Exhibit 3.19

                       WIDE OPEN PERFORMANCE WEAR, INC.
                                    BYLAWS


                                   ARTICLE I
                           MEETINGS OF SHAREHOLDERS

     1.1  Place and Time of Meetings.  Meetings of shareholders shall be held at
such place, either within or without the Commonwealth of Virginia, and at such
time as may be provided in the notice of the meeting and approved by the Board
of Directors.

     1.2  Annual Meeting.  The annual meeting of shareholders shall be held on
the second Tuesday in October of each year or on such date as may be designated
by resolution of the Board of Directors from time to time for the purpose of
electing directors and conducting such other business as may properly come
before the meeting.

     1.3  Special Meetings.  Special meetings of the shareholders may be called
by the Board of Directors or by any two directors, and shall be called by the
Secretary upon demand of shareholders as required by law.  Only business within
the purpose or purposes described in the notice for a special meeting of
shareholders may be conducted at the meeting.

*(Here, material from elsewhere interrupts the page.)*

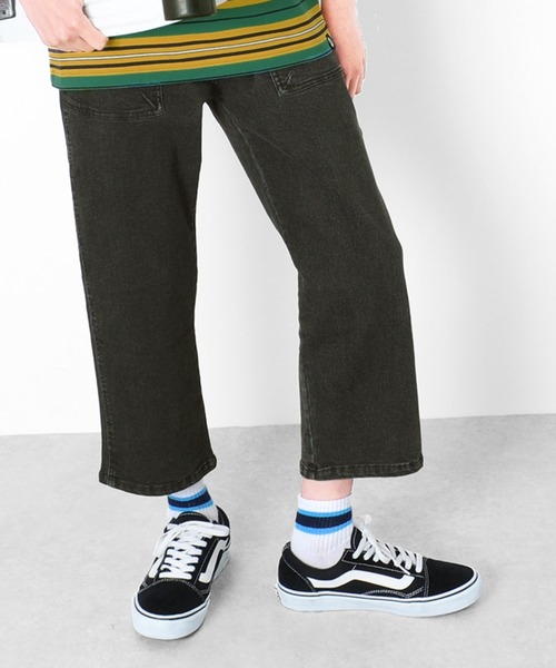 接触冷感デニムを使用した8.5分丈パンツです。 肌に触れた瞬間のひんやり感が涼しく、これからの季節にピッタリなアイテム◎ 7分丈パンツより丈が長く、ゆったりとしたサイズ感でリラックスして着用でき、足元のコーディネートもお楽しみいただけます。 程よいストレッチの8.5ozデニムを使用。 穿き慣れたような本格的な色落ち加工に、ベイカーポケットでワークな雰囲気をプラス。 ファスナー開き+アジャスターゴム仕様で、ウエストまわりはスッキリと仕上げました。 合わせやすくカジュアルな印象のデニムブルーを2色と、モノトーンコーデにオススメなブラックデニムの3色をご用意♪ 派手めなプリントやオーバーサイズなトップスに、ラインソックス、スニーカーを合わせたストリートコーデがオススメ! ロングシーズン着用いただけるアイテムです◎ 【ポケット】 フロントポケット×2、ヒップポケット×3 【モデル】 身長159.5cm、体重41kg、着用サイズ:160cm(クロ) 身長147cm、体重33kg、着用サイズ:150cm(Lブルー) 【ご注意点】 ■色落ち加工を施し、職人により手作業で仕上げている為、製品によって風合いや寸法に個体差がございます。あらかじめご了承ください。 ■商品特有の匂いがございますが、数回ご洗濯いただくことで軽減されます。 ■この製品は非常に色落ち、色移りしますのでご着用の際は下記の点に十分ご注意ください。 ・着用と洗濯を繰り返すことで色落ちが進み、使い込んだ風合いになります。 ・白・淡色系衣料品と合わせて着用されると摩擦によって他の衣料品に色移りします。 ・雨の日、汗等濡れた状態は、さらに他の衣料品等への色落ち色移りがしやすくなります。 ・保管の際は、色移りを防ぐ為、白・淡色の衣料品と重ねないでください。 ・日光(または照明)を長時間受けると黄変の恐れがありますので着用・保管の際はご注意ください。

     1.4  Record Dates.  The record date for determining shareholders entitled
to demand a special meeting is the date the first shareholder signs the demand
that the meeting be held.

     Except as is provided in the preceding paragraph the Board of Directors may
fix, in advance, a record date to make a determination of shareholders for any
purpose, such date to be not more than 70 days before the meeting or action
requiring a determination of shareholders.  If no such record date is set, then
the record date shall be the close of business on the day before the date on
which the first notice is given.

     When a determination of shareholders entitled to notice of or to vote at
any meeting of shareholders has been made, such determination shall be effective
for any adjournment of the meeting unless the Board of Directors fixes a new
record date, which it shall do if the meeting is adjourned to a date more than
120 days after the date fixed for the original meeting.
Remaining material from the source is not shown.